5. Implementation Specifics

   Section 2 of RFC 3548 provides several specific implementation
   recommendations for base encoded data [RFC3548].  In particular, it
   mandates that:

      Implementations MUST NOT add line feeds to base encoded data
      unless the specification referring to this document explicitly
      directs base encoders to add line feeds after a specific number of
      characters.

   and:

      Implementations MUST reject the encoding if it contains characters
      outside the base alphabet when interpreting base encoded data,
      unless the specification referring to this document explicitly
      states otherwise.  Such specifications may, as MIME does, instead
      state that characters outside the base encoding alphabet should
      simply be ignored when interpreting data ("be liberal in what you
      accept").  Note that this means that any CRLF constitute "non
      alphabet characters" and are ignored.

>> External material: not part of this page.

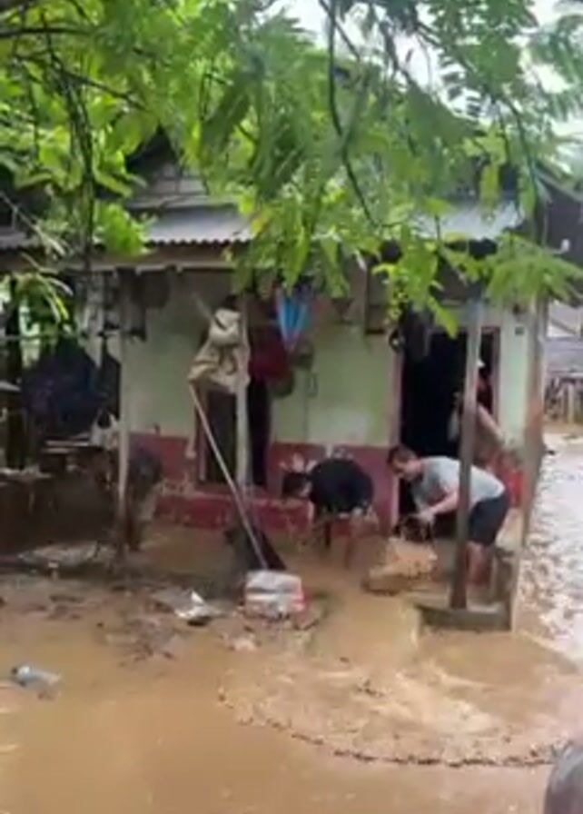 street in a village flooded with muddy water. Three men are working together, scooping water out of the entrance of a small, run-down building with a corrugated metal roof. The building is painted in faded colors. The water is flowing rapidly, and the men are working hard to clear the area. A person in a red shirt is walking through the floodwater in the background. Trees and other vegetation are visible around the buildings. The scene suggests a recent heavy rain or flood event in a low-lying area.

   In general, implementations MUST follow the above recommendations for
   Base85, too, unless the specification referring to this document
   explicitly states otherwise.  However, in the specific case of an XML
   document, it is reasonable to allow, and ignore, whitespace
   characters (space, CR, LF or TAB) in the midst of a Base85-encoded
   string.

   In Base85, padding is optional, but implementations should know when
   it might be present, given that it can affect round-trip behavior.
   Hence, this recommendation for Base85:

      Implementations MUST NOT include pad characters at the end of
      encoded data unless the specification referring to this document
      explicitly states otherwise.

   A C++ reference implementation of a Base85 encoder/decoder can be
   downloaded at:

      https://sourceforge.net/projects/base85-for-xml

   This source code has been released to the public domain.








Kwiatkowski               Expires - March 2004                 [Page 10]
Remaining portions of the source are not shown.